Gothan City was cold shafts of concrete lit by cold moonlight, windswept and bottomless, fading to a cloud bank of city lights, a wet, white mist, miles below me. The street sounds were a soft, sad roar, unbroken and unchanging.
And then the murders began.
Frank Miller, Batman: Year OneI've got the home stretch all to myself when the readings stop making sense. I switch to manual... but the computer crosses its own circuits and refuses to let go. I coax it.

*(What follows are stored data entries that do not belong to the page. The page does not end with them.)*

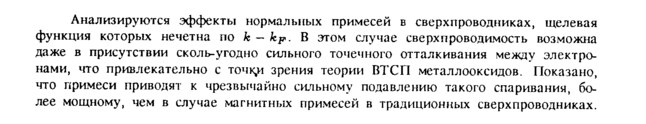 Анализируются эффекты нормальных примесей в сверхпроводниках, щелевая функция которых нечетна по к кр. В этом случае сверхпроводимость возможна даже в присутствии сколь-угодно сильного точечного отталкивания между электронами, что привлекательно с точк,и зрения теории ВТСП металлооксидов. Показано, что примеси приводят к чрезвычайно сильному подавлению такого спаривания, более мощному, чем в случае магнитных примесей в традиционных сверхпроводниках.
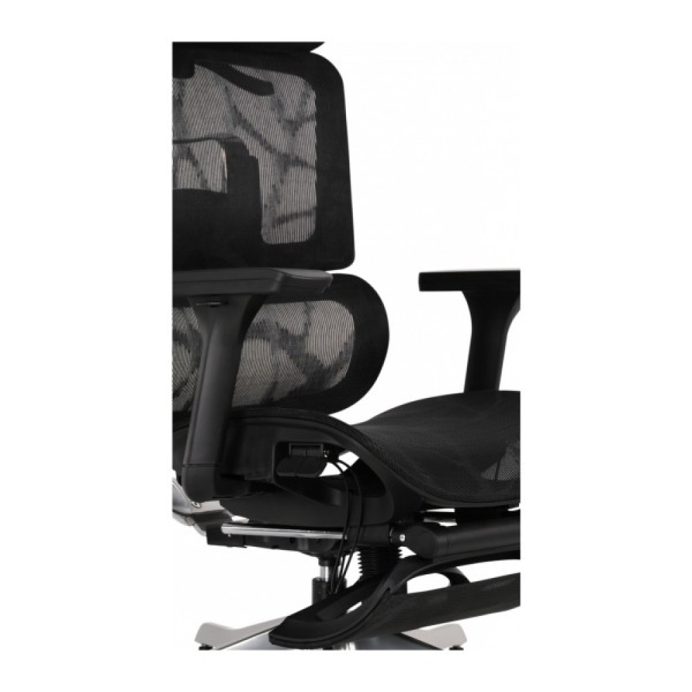 Механізм гойдання Synchro синхронізує нахил спинки і сидіння, забезпечуючи природний рух без навантаження на спину. Механізм газліфт євростандарту дозволяє плавно змінювати висоту сидіння. Зручною деталлю є наявність висувної підніжки — достатньо потягнути її вперед, і вона перетворює крісло на повноцінне місце для відпочинку.
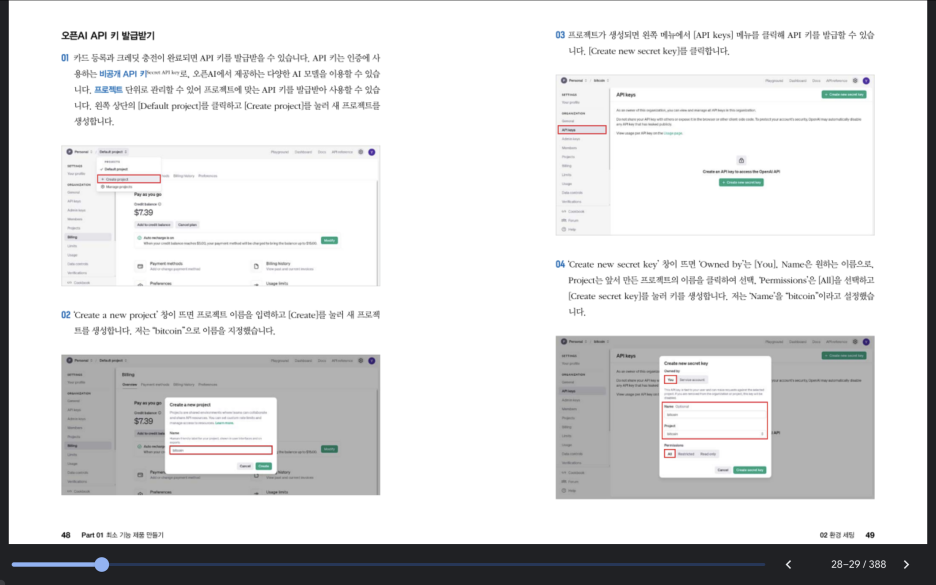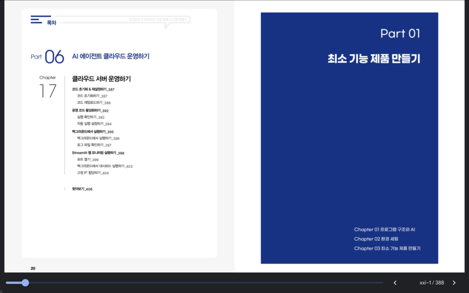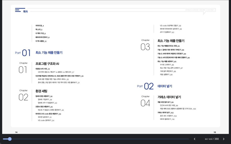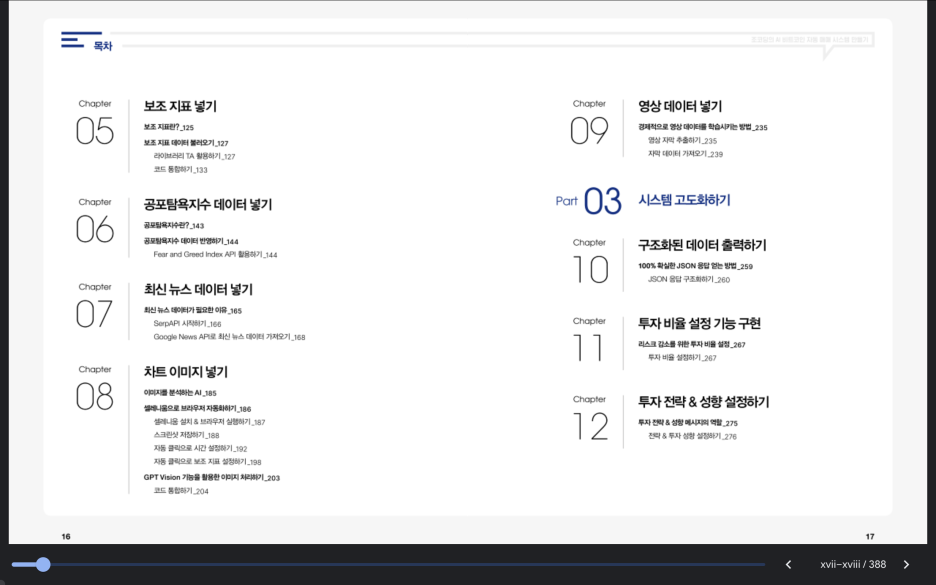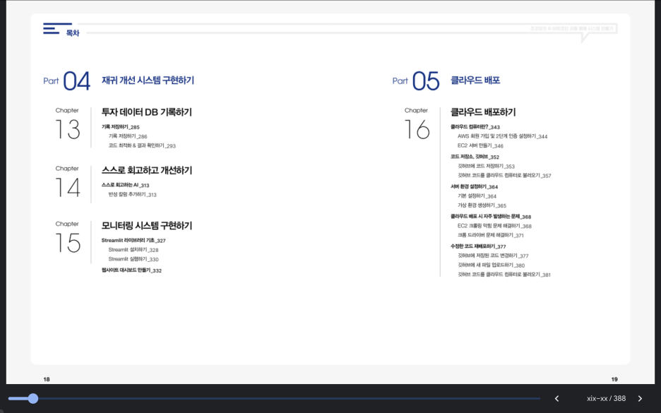 책의 내용은 최소 기능 제품에서 부터 거래소 데이터 넣기, 시스템 고도화, 재귀 개선 시스템 구현까지 전 과정을 따라 할 수 있도록 예제 형식으로 구성되어 있습니다.
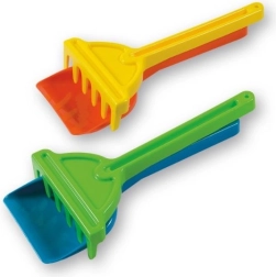 Πρακτικό σετ για μικρούς κηπουρούς που περιλαμβάνει φτυάρι και τσουγκράνα από ανθεκτικό πλαστικό. Ιδανικό για παιχνίδι στο sandbox και στον κήπο. Χάρη στις συμπαγείς διαστάσεις του, κρατιέται άνετα από παιδιά 3+ ετών. Η χρωματική εκδοχή είναι μίξη και μπορεί να διαφέρει ανάλογα με τη διαθεσιμότητα.
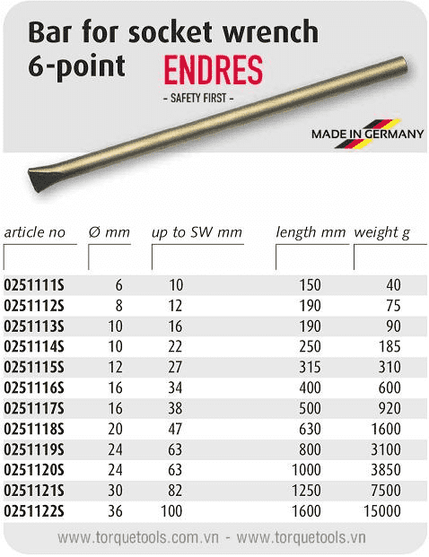 - Tay công chống cháy nổ Endres 0251115S, Endres non sparking bar for socket wernch ended 0251115S là loại thanh dài đầu 2 cạnh cắm vào khẩu chữ T, có size đầu: 12 mm, chuyên cắm vào khẩu chữ T: 27 mm. Tay công chống cháy nổ Endres 0251115S không gây phát sinh tia lửa khi sử dụng trong môi trường phòng chống cháy nổ.
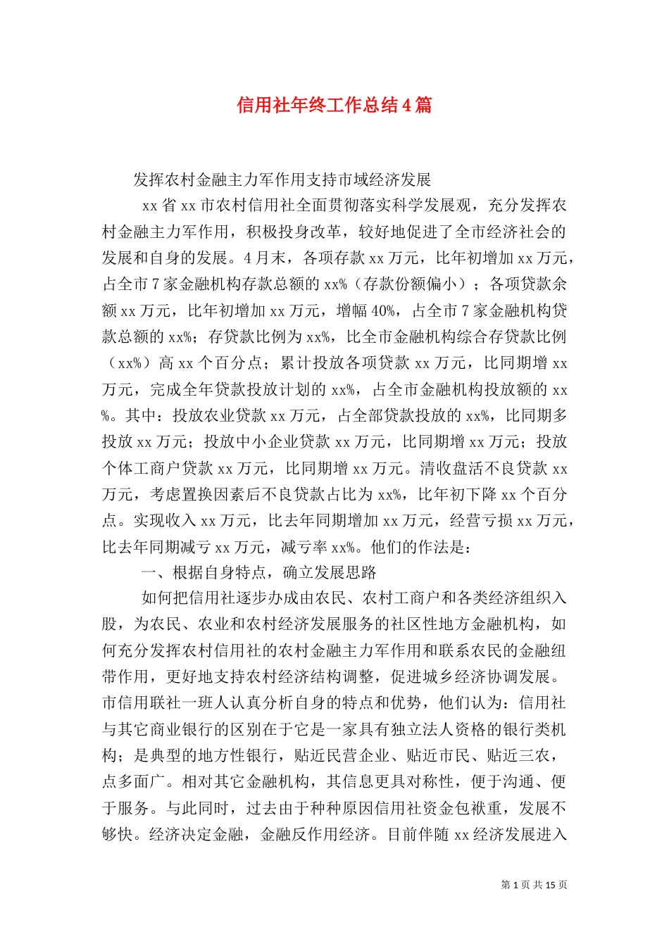 第1页共15页书山有路勤为径,学海无涯苦作舟。信用社年终工作总结4篇发挥农村金融主力军作用支持市域经济发展xx省xx市农村信用社全面贯彻落...
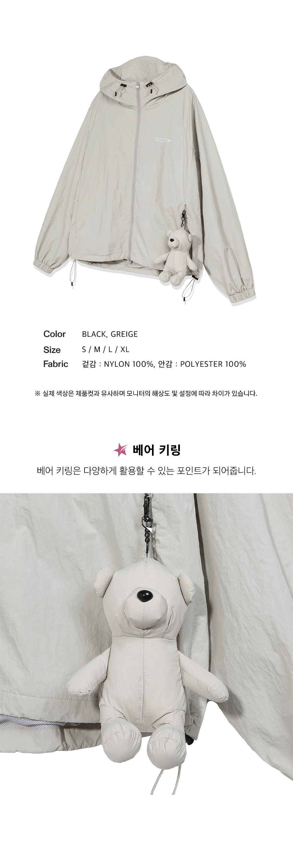 피지컬 디파트먼트 베어키링 윈드 브레이커 그레이지

And then the murders began.
Frank Miller, Batman: The Dark Knight Returns"Are you sure we should be so
far from the castle, Lord Ozaki? It's not
safe..."
And then the murders began.
Frank Miller, RoninThree
amazing graphic novels by Frank Miller.
Ronin (1987), my first contat with his work* changed the way I saw comics. The seventeen years old me found, with great surprise and joy, that the "comic" format could reach
much further than the usual DC/Marvel productions that were prevalent in Brazil and some europeans like Goscinny and Uderzo (Asterix), Goscinny and Morris (Lucky Luke), Hergé (Tin Tin) or Jacobs (Blake and Mortimer)** that I knew from my trips to Portugal. The most "artistic" graphic novels I was aware back then was Christin and Mézières' Valerian. (which is good, but obviously I also didn't know about Enki Bilal's fascinating work...)
* Living in Brazil didn't help, and the lack of that thing called Internet (as we know it) neither...
** I still love all those, of course. Few things made me laugh so much as Asterix...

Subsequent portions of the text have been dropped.